I keep the clients settings the same, and change the server code.

when I delete everything in // process request obj. (from code sample above, to poll requests and simply drops them), the throughput can go as high as 900 MB/s.
when I add my code back, the throughput drops to about 330 MB/s. My code converts the request data and push them to an async_channel::bounded(1024). I print the size of the channel every second to be sure that it's not full.

I think it shows the server has reached some limits so the clients been back pressured.
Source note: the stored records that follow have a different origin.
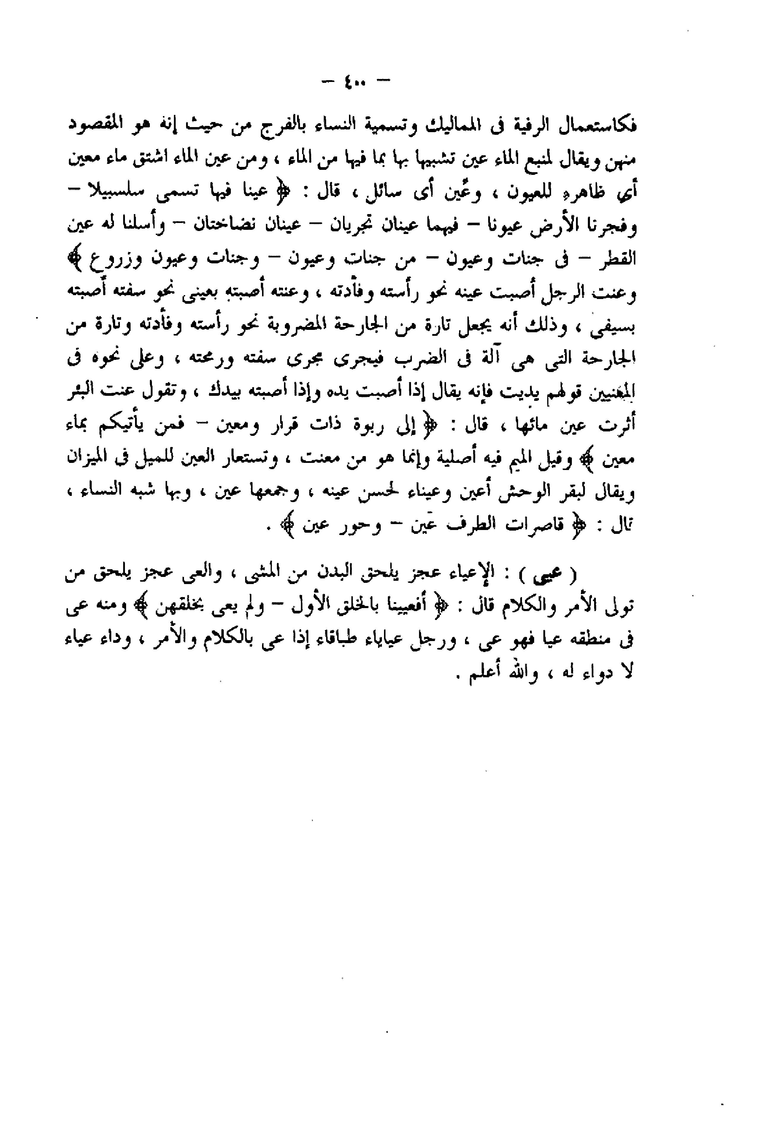فكاستعمال الرقية فى المماليك وتسمية النساء بالفرج من حيث إنه هو المقصود منهن ويقال لمنبع الماء عين تشبيها بها بما فيها من الماء، ومن عين الماء اشتق ماء معين أي ظاهر للعيون، وعين أي سائل، قال: عَيْناً فِيها تُسَمَّى سَلْسَبِيلًا- وَفَجَّرْنَا الْأَرْضَ عُيُوناً- فِيهِما عَيْنانِ تَجْرِيانِ-يْنانِ نَضَّاخَتانِ
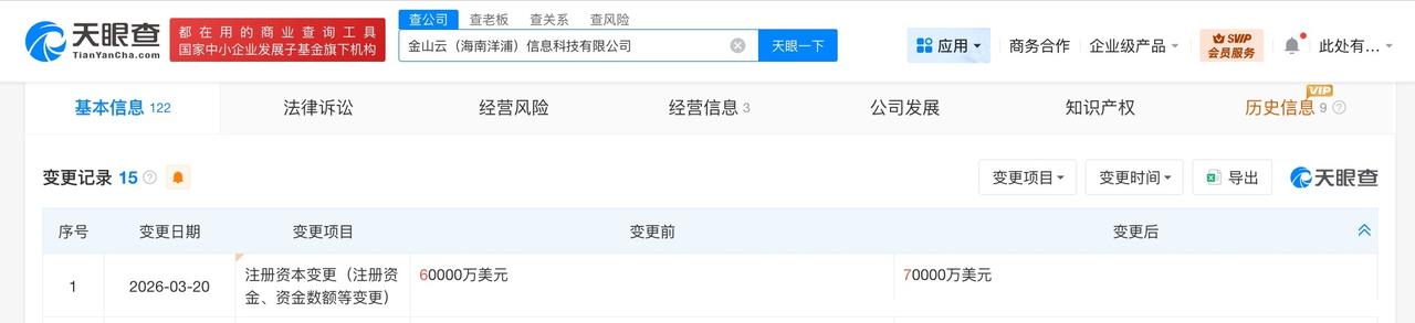 天眼查工商信息显示,近日,金山云(海南洋浦)信息科技有限公司发生工商变更,注册资本由6亿美元增至7亿美元,增幅约17%。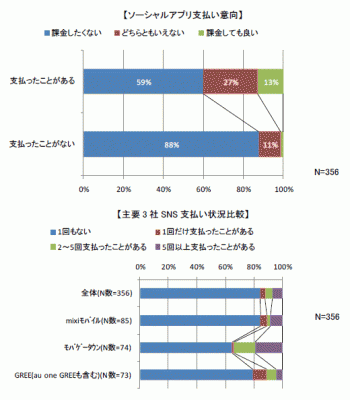 ◆課金経験回数に明暗が!継続的に課金したくなるモバゲー、GREEは苦戦か。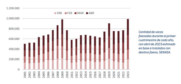 Tomando este último dato como referencia de faena, en los primeros cuatro meses del año el total de vacas sacrificadas ascendería a 988.500, unas 220.000 vacas más que las registradas en igual período un año atrás.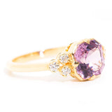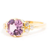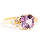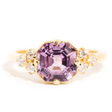 The Asscher cut spinel is 2.28 carats, measures 7.56x7.51x4.81 millimetres, and is a bright light pinkish purple colour. The round brilliant cut diamonds total 0.21 carats, are F to G colour and VS to SI clarity grades.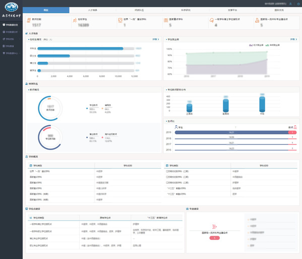 针对学校学科数据管理中存在的数据采集与整理效率低、数据管理缺乏常态化有效维护机制等方面问题,“双一流”建设处着力构建一个“统一管理、开放共享”的学科建设数据管理平台,平台可实现对学科数据的统一管理,实时分析我校学科建设的状态和水平,为学科建设与发展规划提供强有力的数据支撑。同时,也可实现学科数据的共治、共通和共享,为学校各类相关业务提供客观数据支持。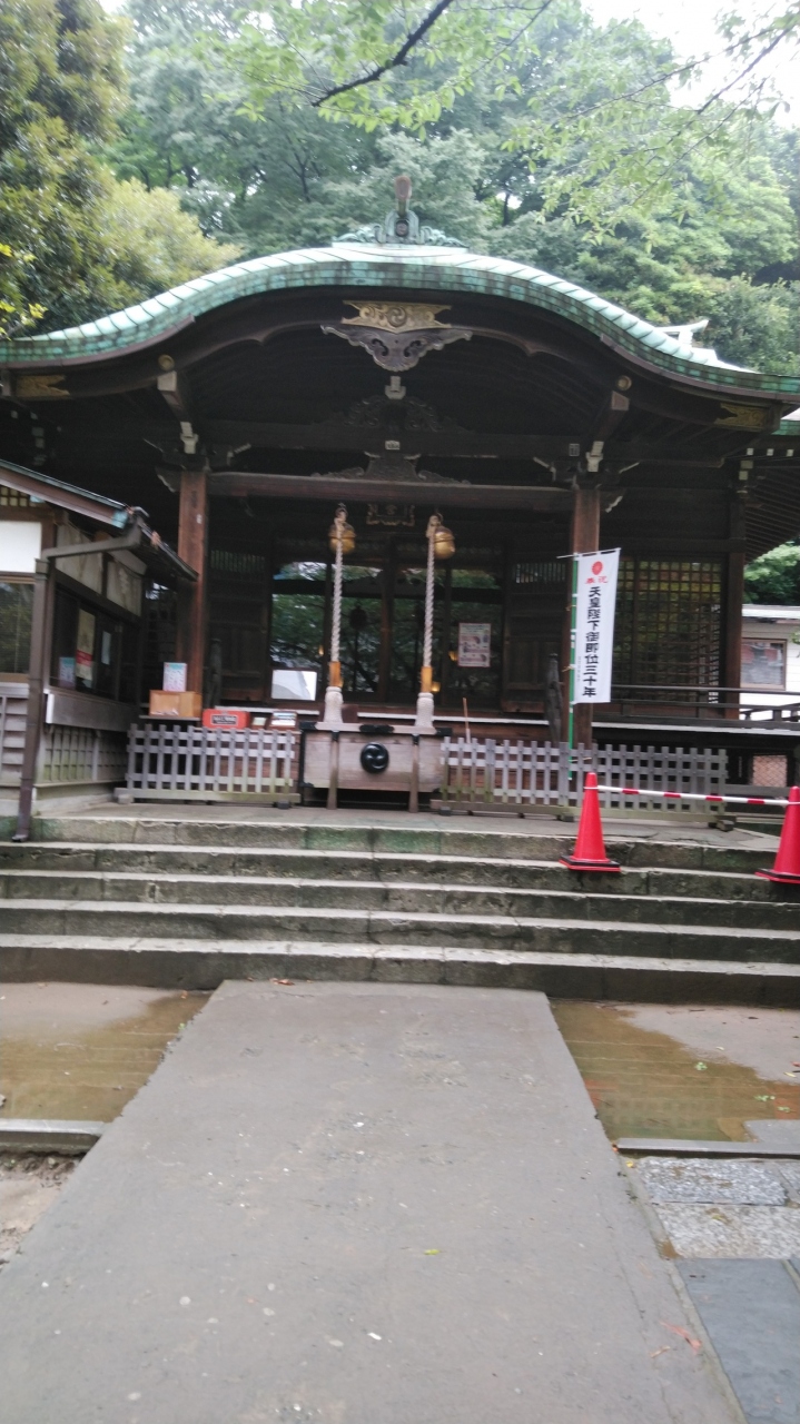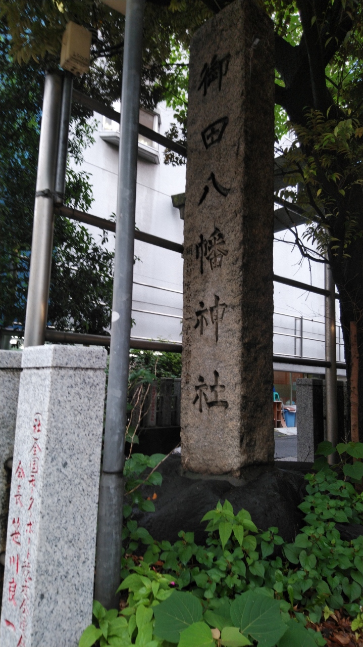 田町駅から品川駅方面へ歩いて行くと、大きなオフィスビルや高級マンションが並んでいます。そんな中に、御田八幡神社と書かれた大きな看板が見えてきます。看板のすぐ横には鳥居があり、鳥居をくぐリ、石段を登ると本殿になります。周囲を木々に囲まれていて、街並みを見ることはできなくなっています。とても静かな空間です。

But in either case, the cpu usage is a little higher than 300%. Don't know why I'm not able to us…

View full answer

LucioFranco · 2022-02-18T19:25:25Z

LucioFranco
Feb 18, 2022
Maintainer

I would run a flamegraph and potentially an off-cpu flamegraph to see what is stopping the cpu from being saturated.

0 replies

alanhe · 2022-02-21T12:35:09Z

alanhe
Feb 21, 2022
Author

Unfortunately, the off-cpu perf I get isn't very useful.
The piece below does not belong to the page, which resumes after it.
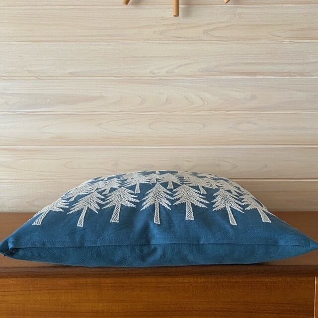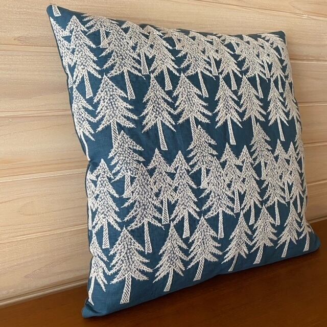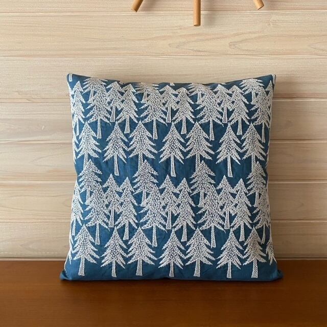 ミナペルホネンland theater/ランドシアター(グリーンがかったブルー色にオフホワイト色の刺繍)の生地で作ったクッションカバーです。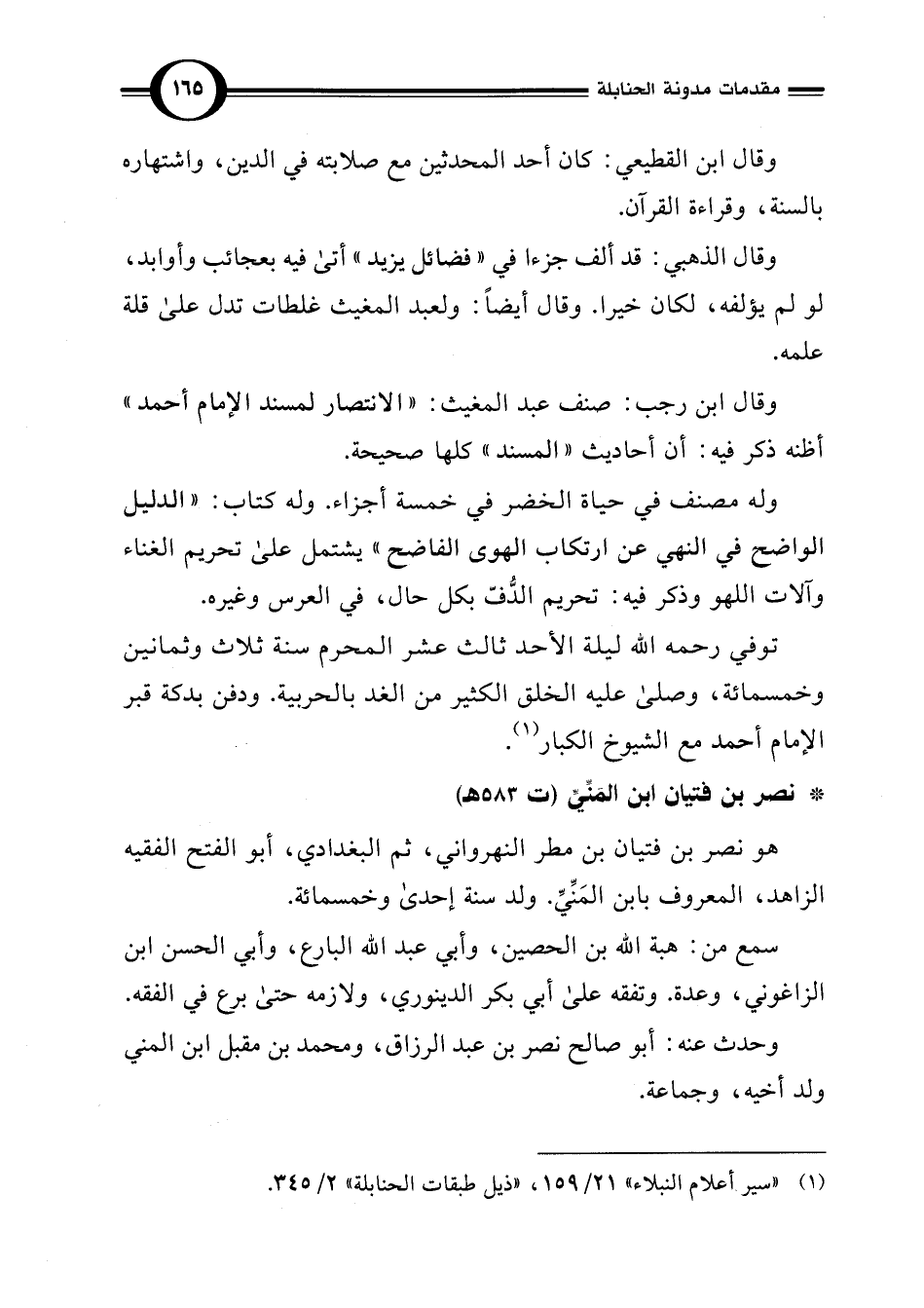 (¬1) "سير أعلام النبلاء" 21/ 159، "ذيل طبقات الحنابلة" 2/ 345.

I keep the clients settings the same, and change the server code.

when I delete everything in // process request obj. (from code sample above, to poll requests and simply drops them), the throughput can go as high as 900 MB/s.
when I add my code back, the throughput drops to about 330 MB/s. My code converts the request data and push them to an async_channel::bounded(1024). I print the size of the channel every second to be sure that it's not full.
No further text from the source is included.